### Given information

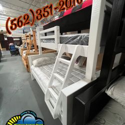 Twin Full White Wash Bunk Bed With Mattresses Colchones Nuevos New $999La Habra Heights, CA
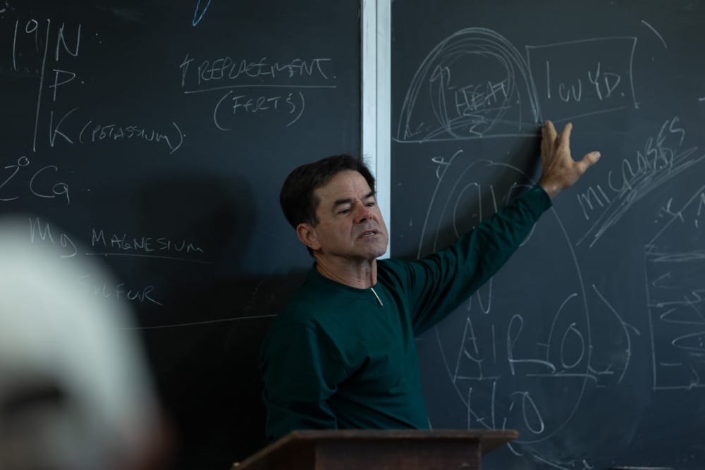 This Saturday morning he is preparing his introductory Horticulture 50 class to repot and eventually transfer seedlings into the garden. Sitting on the edge of his desk, enthusiastically poking holes in the air, he describes nature’s circular process of enriching soil, and human efforts to quicken the process with hot composting.
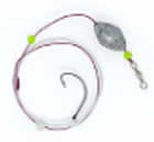 Componentes: 01 girador de Inox # 05. 30 cm de linha Multifilamentos de 100 Libras. 1.20 metros de linha de Nylon 0,60 mm. Miçangas 01 Anzol Wide Gap 1/0 Aço Carbono 01 Chumbada de 40 gramas
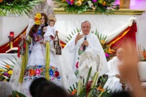 La presidenta municipal Estefanía Mercado, acompañada de su equipo de trabajo y vestida con el tradicional hipil, participó en la misa de bajada de la Virgen del Carmen, realizada en la iglesia de Nuestra Señora del Carmen. Esta ceremonia marcó el inicio de una de las celebraciones más significativas de la ciudad, que une a generaciones y refuerza el tejido social del municipio.
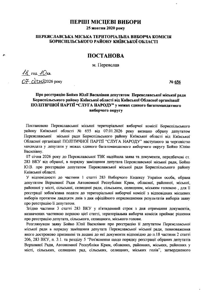 Постанови Переяславської міської територіальної виборчої комісії від 7 січня 2026 року 08.01.2026 by Адмін in Без категорії · 0 Коментарів

######

▶ **Action item**:
Retype the data word for word and keep the pictures out of it.

▶ **Your response**:
 Twin Full White Wash Bunk Bed With Mattresses Colchones Nuevos New $999La Habra Heights, CA
 This Saturday morning he is preparing his introductory Horticulture 50 class to repot and eventually transfer seedlings into the garden. Sitting on the edge of his desk, enthusiastically poking holes in the air, he describes nature’s circular process of enriching soil, and human efforts to quicken the process with hot composting.
 Componentes: 01 girador de Inox # 05. 30 cm de linha Multifilamentos de 100 Libras. 1.20 metros de linha de Nylon 0,60 mm. Miçangas 01 Anzol Wide Gap 1/0 Aço Carbono 01 Chumbada de 40 gramas
 La presidenta municipal Estefanía Mercado, acompañada de su equipo de trabajo y vestida con el tradicional hipil, participó en la misa de bajada de la Virgen del Carmen, realizada en la iglesia de Nuestra Señora del Carmen. Esta ceremonia marcó el inicio de una de las celebraciones más significativas de la ciudad, que une a generaciones y refuerza el tejido social del municipio.
 Постанови Переяславської міської територіальної виборчої комісії від 7 січня 2026 року 08.01.2026 by Адмін in Без категорії · 0 Коментарів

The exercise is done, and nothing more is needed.